Oregon Activists Should Be Protestors, Not Insurgents

On Tuesday, antigovernment activists led by Ammon Bundy were arrested by law enforcement, bringing an end to their 25-day occupation of the Malheur National Wildlife Refuge in Harney County, Oregon. LaVoy Finicum, who had been the mouthpiece of the group, was killed during the encounter. While the details of the incident are not yet fully known, the Bundy Ranch’s Facebook page is already calling foul, and it seems likely that Finicum’s death will inspire further outrage. However, while the group’s past actions have been controversial, Finicum’s death provides supporters with two very distinct opportunities: to elevate the group’s hostility into a constructive movement for change, or to devolve into a new wave of threats, standoffs and destructive hostility.

The Oregon protesters raised some genuine concerns about government transparency and overreach. The movement’s initial spark centered on Dwight and Steven Hammond, two ranchers who damaged federal property in 2001. The Hammonds were given a sentence shorter than the five-year federal minimum, but in 2015 prosecutors unexpectedly extended their sentences to the federal minimum. This spurred the Oregon protesters against what they considered unfair federal sentencing laws. Buried within their outlandish statements are legitimate critiques of the needlessly labyrinthine US legal system. Regardless of their tactics, the protesters still succeeded in highlighting the shortcomings of a legal system that affect every United States citizen.

Loss of life in protests galvanized those involved in the movement at hand. Bob Abbey, a former head of the Bureau of Land Management, contended that “this most recent confrontation would probably give them what they believe is further justification and rationale for taking extreme actions.” Despite their divisive demands, they echo the anti-police-state sentiment promulgated by those in Black Lives Matter movement. However, due to their violent tactics and general disorganization, the Oregon protesters will fail where BLM succeeded.
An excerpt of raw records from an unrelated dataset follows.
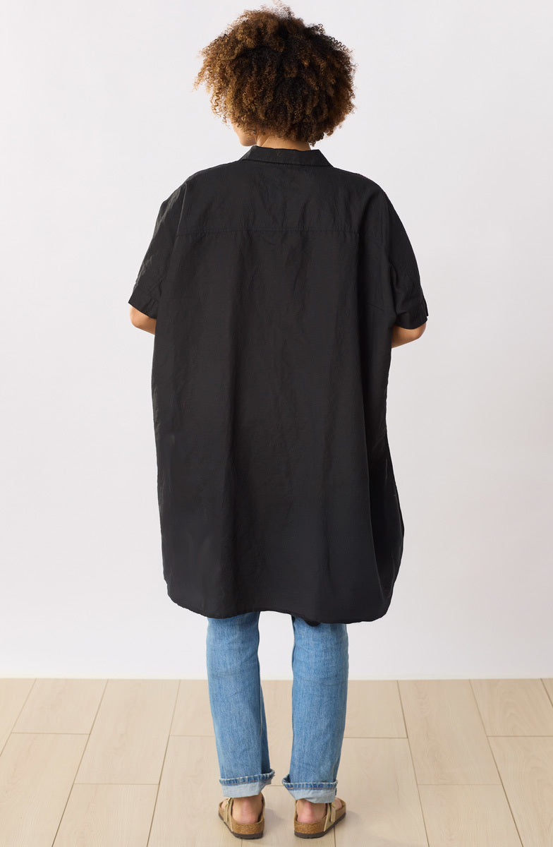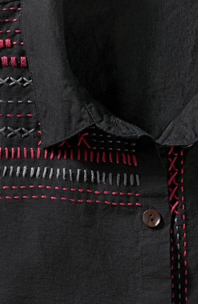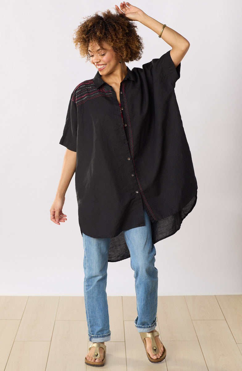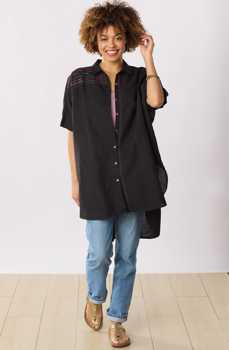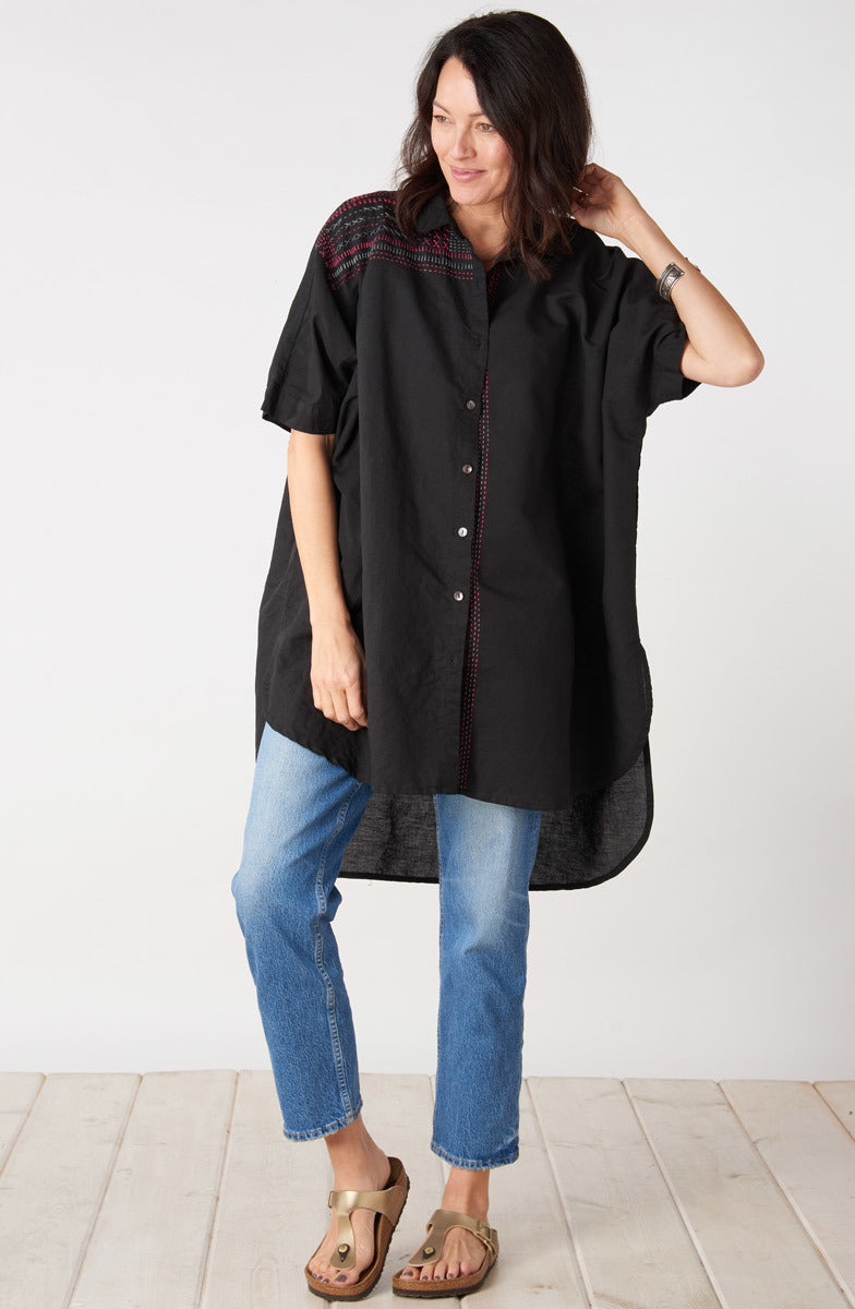 Shirt styling in basic black with colorful hand embroidery highlights, this linen/cotton blend big shirt is generously styled with dramatic dolman sleeves, a high-low shirttail hem and deep side slits for a great sweep.
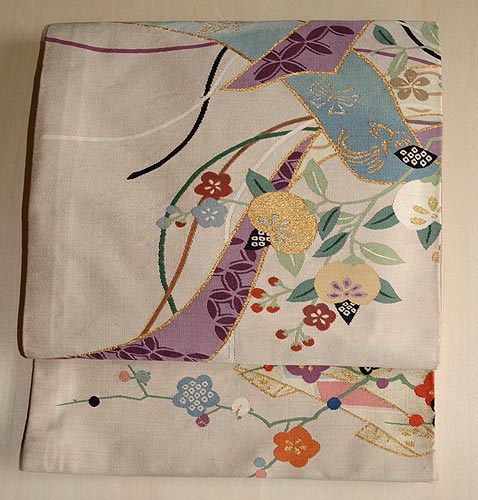 羽二重地に波紋と船が染めで描かれ、梅には金糸で縫いが加えられています。 ちょっとしたおでかけに重宝する帯です。 |
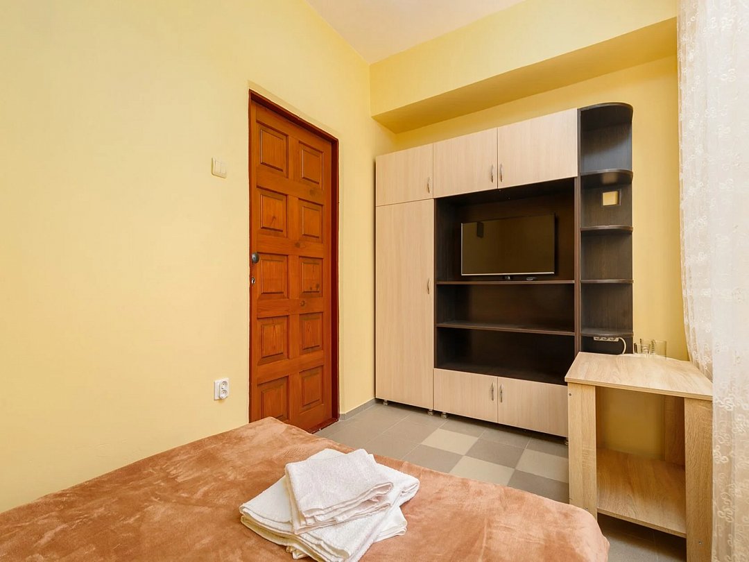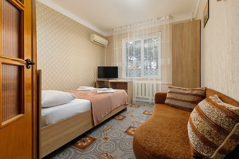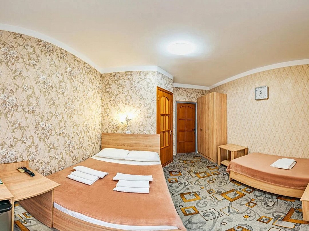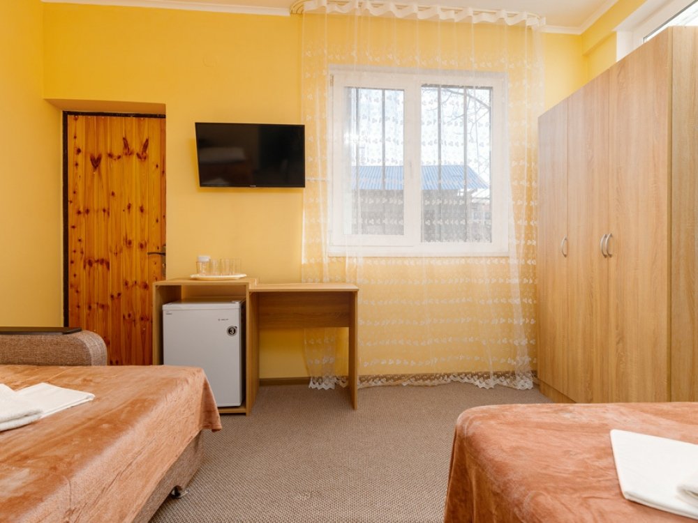 О номереУютный номер бюджетной категории с тремя односпальными кроватями, рассчитанный на проживание до трех людей. Идеальное сочетание цены и качества. Общая ванная комната и санузел на 3 номера. Ребенок до 12 лет, за доп. плату. На каждом этаже куллер с горячей и холодной водой.В номере

In the face of police brutality, BLM was able to gain momentum and achieve some of its goal — such as police body cameras and increased public scrutiny — by remaining peaceful and efficiently organized.

If there is a nugget of a legitimate cause hidden underneath the violent threats and caustic rhetoric, there has never been a better time than now to bring it forward. These protesters touched on a pounding vein of anti-authoritarian, populist sentiment in the United States. They also invoked concerns about mandatory sentencing that affect many of the country’s poorest and incarcerated. We do not mean to legitimize the protesters’ use of violence and threats — quite the opposite. Only when they drop the guns and pick up picket signs will their concerns be brought to the national conversation. With Finicum’s death, the populists have an opportunity to rally their base and push for reform and attention. Time will tell if they are wise enough to take it.